Success at National Ignition Facility could pave the way for commercial laser fusion power stations and provide a solution to world energy crisis
Ian Sample, science correspondent
guardian.co.uk, Thursday 28 May 2009 18.15 BST


National Ignition Facility will harness the power of lasers to turn hydrogen pellets into energy. Photograph: National Ignition Facility
A tentative first step towards an era of clean, almost limitless energy will take place today with the opening of a giant facility designed to recreate the power of the stars in an oversized warehouse in California.
The $3.5bn National Ignition Facility (NIF) sits in a 10-storey building covering three football fields and will harness the power of lasers to turn tiny pellets of hydrogen into thermonuclear energy.
If the machine works as planned, it will become the first to generate more energy than it consumes, a feat that could pave the way for commercial laser fusion power stations and an end to the world's energy security problems.
The building, which has taken almost 15 years to build and commission, is due to be opened in a ceremony attended by the US energy secretary, Steven Chu, and the California governor, Arnold Schwarzenegger, who has said the facility could "revolutionise our energy future".
"If they're successful, it will be a very big deal. No one has achieved a net gain in energy before," said Derek Stork, assistant technical director at the UK United Kingdom Atomic Energy Authority (UKAEA)'s centre for fusion research in Culham, Oxfordshire.
Inside the building, scientists will use the world's most powerful laser to create 192 separate beams of light that will be directed at a bead of frozen hydrogen in a violent burst lasting five billionths of a second. Each fuel pellet measures just two millimetres across but costs around $40,000, because they must be perfectly spherical to ensure they collapse properly when the laser light strikes.

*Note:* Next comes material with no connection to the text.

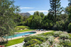 The property also includes an outdoor pool, glass-enclosed indoor pool and spa, along with a rose garden, lawns and a motor court. There is a two- bedroom, two-bath pool house and a 4,000-square-foot production office/guest house.

The intense beams produce a powerful shockwave that crunches the fuel pellet at a million miles an hour, generating temperatures of around 100,000,000C. Under such extreme conditions, which are found only in the core of stars, the hydrogen atoms will fuse, producing helium and vast amounts of energy.
The facility will gradually work up to full power over the next 12 months or so, but experiments are scheduled to run until around 2040.
If the NIF succeeds, politicians will be under pressure to invest in the technology to develop a first generation of demonstration plants to feed fusion energy into electricity grids.
Plans for a laser fusion plant have been drawn up at UKAEA in Culham. The Hiper project would use two lasers to produce power from seawater and lithium, an abundant element.
"When this works, it will immediately change the future energy map for the world. One cubic kilometre of sea water has the fusion energy equivalent of whole world's oil reserves," said John Parris at the Hiper project. That would overturn concerns over energy security caused by vast amounts of the globe's oil been locked up beneath a small number of nations.
The NIF facility must overcome major technical hurdles before scientists can start celebrating. The laser at the heart of the facility can only fire a handful of times a day. In between each shot, the hydrogen fuel pellet needs to be replaced. Over the coming years, scientists want to see improvements that allow the facility to run continuously. That could mean firing the laser 10 times a second, at fuel pellets that are shot mid air as they are dropped into the fusion chamber.